(Provided material):
----

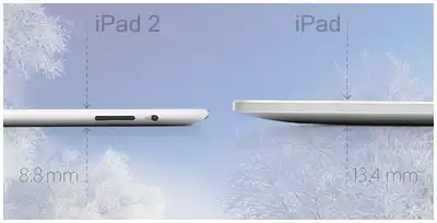 Физически же и в цифрах второй айпад тоньше первого на треть! Толщина iPad – 13.4 миллиметра, а iPad 2 – 8.8 миллиметра. По высоте и ширине iPad 2 также срезал несколько миллиметров. По большей стороне 24.1 сантиметр (у первого было 24.3 сантиметра), по меньшей стороне 18.6 сантиметров (был 19 сантиметров). Вес также полегчал, iPad 2 весит 613 грамм, а белая версия даже на несколько грамм легче (прежний вес был 680 грамм у версии iPad Wi-Fi и 730 грамм у версии iPad Wi-Fi + 3G).
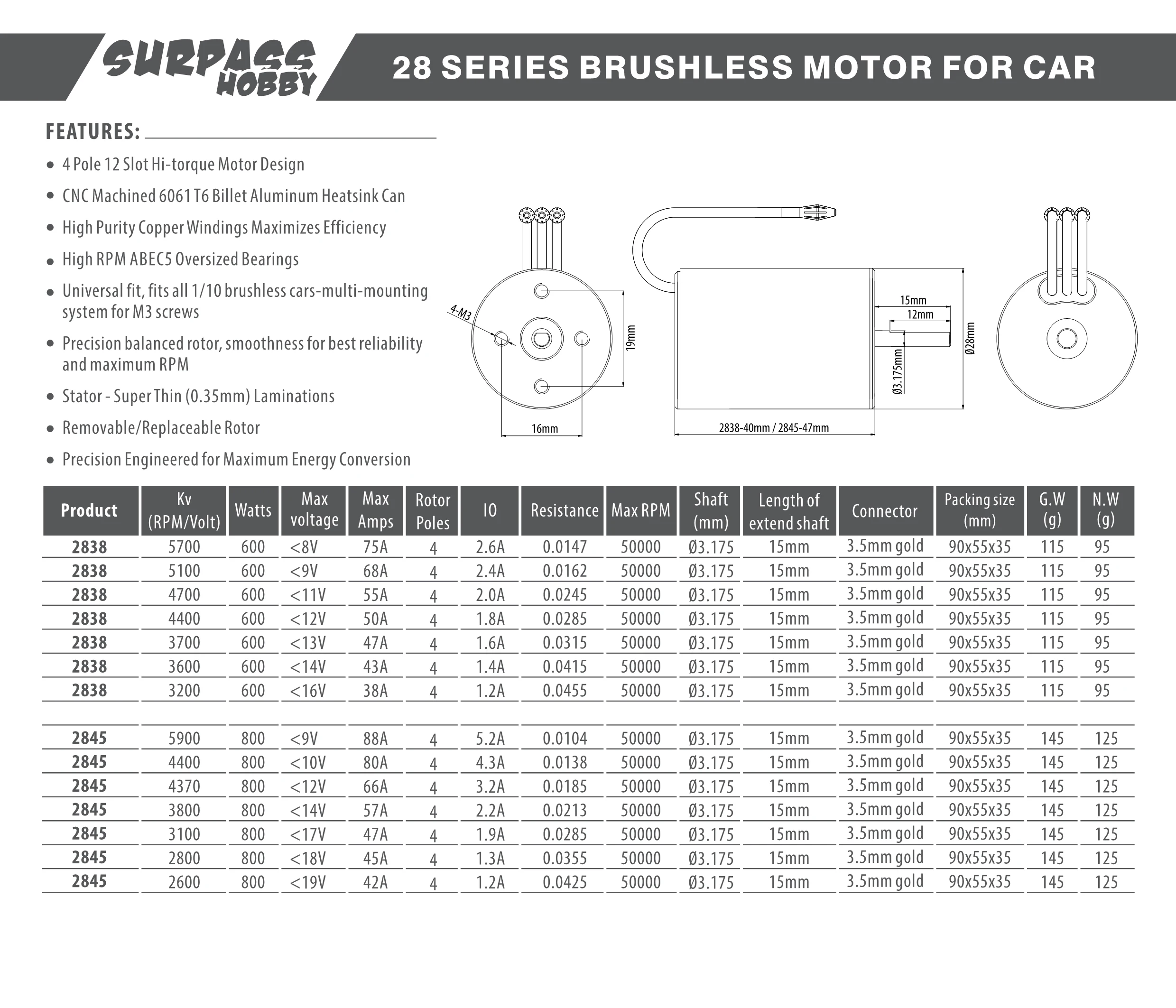 1 * Водонепроницаемый 2845 бесщеточный мотор
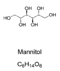 Figura 3. Fórmula estrutural do manitol. Disponível em https://pt. dreamstime.com/manitol-mannite-ou-f%C3%B3rmula-qu%C3%ADmica-do-a%C3%A7%C3%BAcar-manna-e-estrutura-esquel%C3%AStica-de-manga-is%C3%B4mero-sorbitol-utilizado-como-image209330436. Acesso em: setembro.2024.
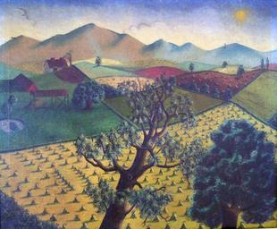 Keywords: SundownFromLythHill.JPG en Landscape - Sundown From Lyth Hill Oil on canvas 24 x 20 Inscribes on rear Sundown From Lyth Hill Victory Day August 1945 Own David Kentish Citizenarts 1945 1945 landscape paintings

----

An exact copy of the listing is needed, minus its pictures.

 Физически же и в цифрах второй айпад тоньше первого на треть! Толщина iPad – 13.4 миллиметра, а iPad 2 – 8.8 миллиметра. По высоте и ширине iPad 2 также срезал несколько миллиметров. По большей стороне 24.1 сантиметр (у первого было 24.3 сантиметра), по меньшей стороне 18.6 сантиметров (был 19 сантиметров). Вес также полегчал, iPad 2 весит 613 грамм, а белая версия даже на несколько грамм легче (прежний вес был 680 грамм у версии iPad Wi-Fi и 730 грамм у версии iPad Wi-Fi + 3G).
 1 * Водонепроницаемый 2845 бесщеточный мотор
 Figura 3. Fórmula estrutural do manitol. Disponível em https://pt. dreamstime.com/manitol-mannite-ou-f%C3%B3rmula-qu%C3%ADmica-do-a%C3%A7%C3%BAcar-manna-e-estrutura-esquel%C3%AStica-de-manga-is%C3%B4mero-sorbitol-utilizado-como-image209330436. Acesso em: setembro.2024.
 Keywords: SundownFromLythHill.JPG en Landscape - Sundown From Lyth Hill Oil on canvas 24 x 20 Inscribes on rear Sundown From Lyth Hill Victory Day August 1945 Own David Kentish Citizenarts 1945 1945 landscape paintings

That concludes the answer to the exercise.